Behold, Thy Mother

Rogier van der Weyden, Crucifixion Diptych (c. 1460)

“Woman, I bought you a life insurance policy. You’re going to be fine.”

As best we can tell, Jesus didn’t ever speak these words from the cross.

Nor did he say: “Woman, get thee to a nunnery, go. Farewell.” 

Nor: “Woman, find yourself a nursing home.” 

No: “Mother.”

Only: “Woman.”

No: “I love you.”

Only: “Behold, your son.”

This is the last exchange that takes place between Jesus and his mother, the “God-bearer,” in John’s Gospel. What is Jesus on about?

Here, on the cross, as at the beginning of his earthly ministry, he is forming a new family.
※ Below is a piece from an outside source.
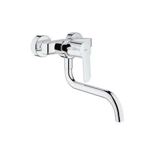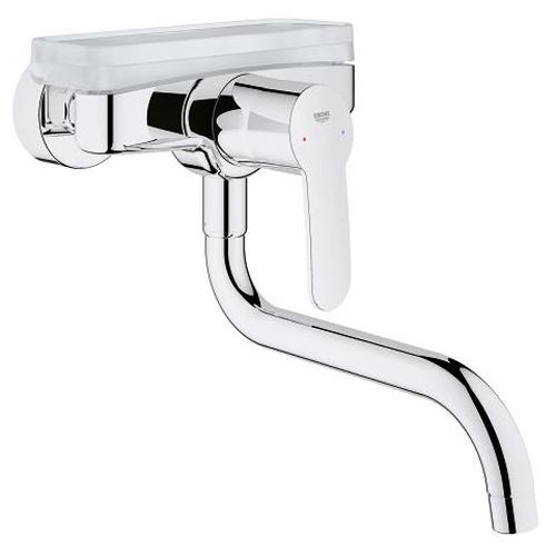With the hard-wearing GROHE StarLight chrome finish, this kitchen tap of the Eurostyle Cosmopolitan range will be a dazzling highlight in your kitchen. Specifically designed for wall-mounting, it incorporates a variety of convenient functional features. The spout can be locked in position (0°) or set to swivel in a 150° radius as appropriate. With the integrated GROHE SilkMove technology, water temperature and volume can be adjusted smoothly and effortlessly. The GROHE plastic tray (18383002) is a convenient accessory to the sink mixer. Resting on the horizontal top surface of the tap, it is easy to attach and provides enough space to keep your dish soap and kitchen sponge handy.

This is not a family bound by blood or by law, nor linked by custom or common religious heritage.

This is the family of Jesus, the Body of Christ, formed by the wounded body of Christ, comprised of every tongue, tribe and nation.
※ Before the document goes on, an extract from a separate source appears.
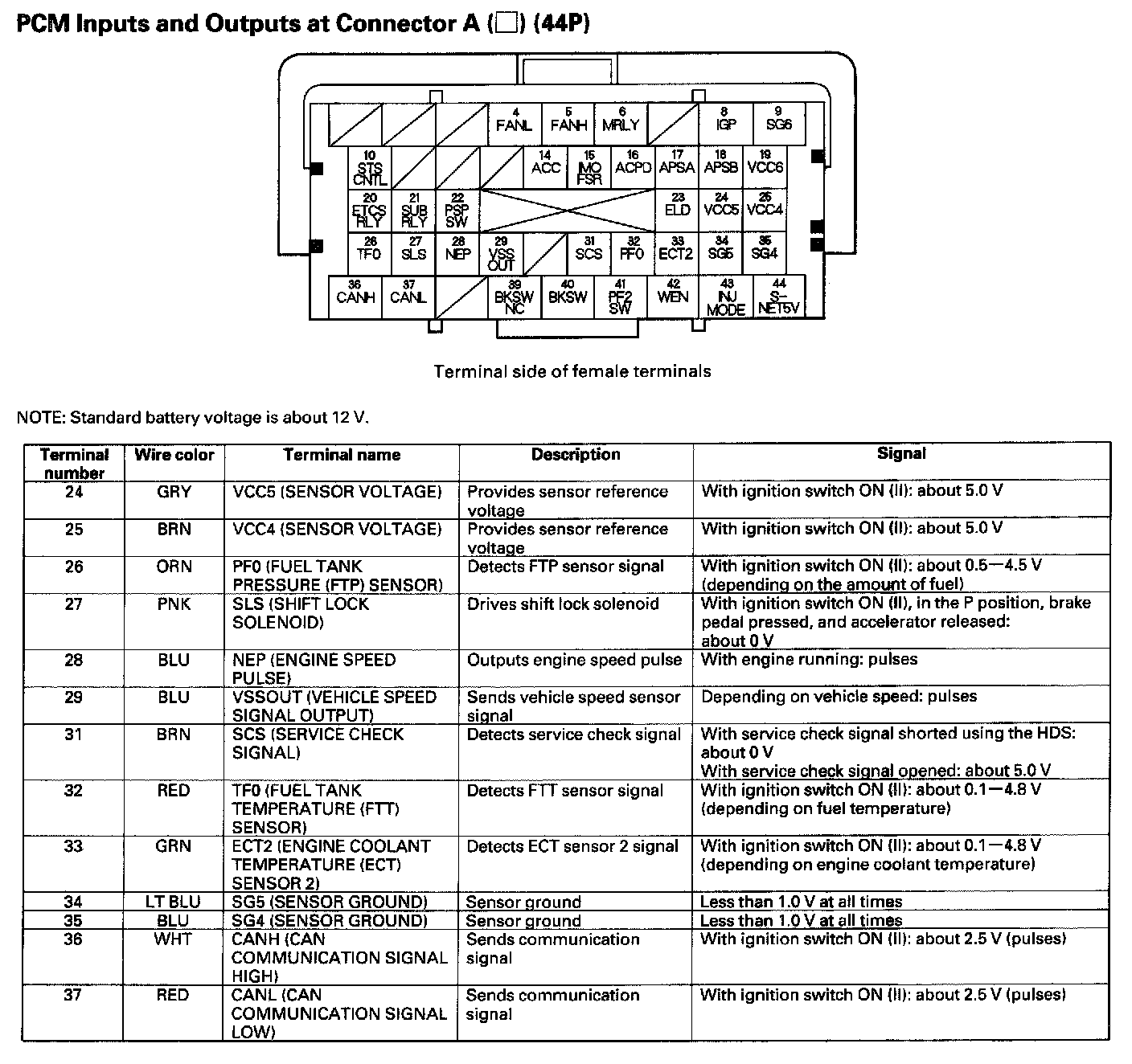 PCM Inputs And Outputs At Connector A (44P) Part 3:

It’s noteworthy that Jesus doesn’t ask his mother her opinion. Nor does he ask John for permission. He simply says: here’s your son; behold, thy mother. It all seems rather presumptuous. With his last breaths, a desperate man impulsively makes arrangements for his disconsolate mother by presuming upon his beloved friend?

This is of course to take a cynical view of the “deathbed” exchange. It’s quite the opposite. The exchange that takes place is a grace and a sign.
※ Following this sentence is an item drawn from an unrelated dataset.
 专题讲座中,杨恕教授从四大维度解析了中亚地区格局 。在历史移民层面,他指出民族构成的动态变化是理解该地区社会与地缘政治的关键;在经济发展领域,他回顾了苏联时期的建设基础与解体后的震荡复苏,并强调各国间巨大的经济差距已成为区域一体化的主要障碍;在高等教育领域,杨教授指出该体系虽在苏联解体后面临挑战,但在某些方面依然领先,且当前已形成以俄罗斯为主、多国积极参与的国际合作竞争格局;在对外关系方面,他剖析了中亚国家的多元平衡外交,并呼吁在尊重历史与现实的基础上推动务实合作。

When Jesus gives his mother to John, and vice versa, he enacts what will become normative for the church throughout the ages. 

Families fractured by the sword will find a new home in the family of Jesus. 

Families broken apart because of a betrayal by blood will be placed in the household of God on account of the blood of the Lamb.

Strangers will become fellow citizens, the lonely surrounded by brothers and sisters, the abandoned adopted, and the barren comforted by sons and daughters by faith. This is the grace enacted in this exchange between son and mother.

Whatever else Jesus intends with these words from the cross, he means also to signal a radically hopeful future. With God as our Father, Jesus joins the lonely, the misfits and the brokenhearted into a family that, by his Spirit, becomes a foretaste of the home for which our hearts painfully yearn.

This, dear friends, is the good news of Good Friday—the good good news.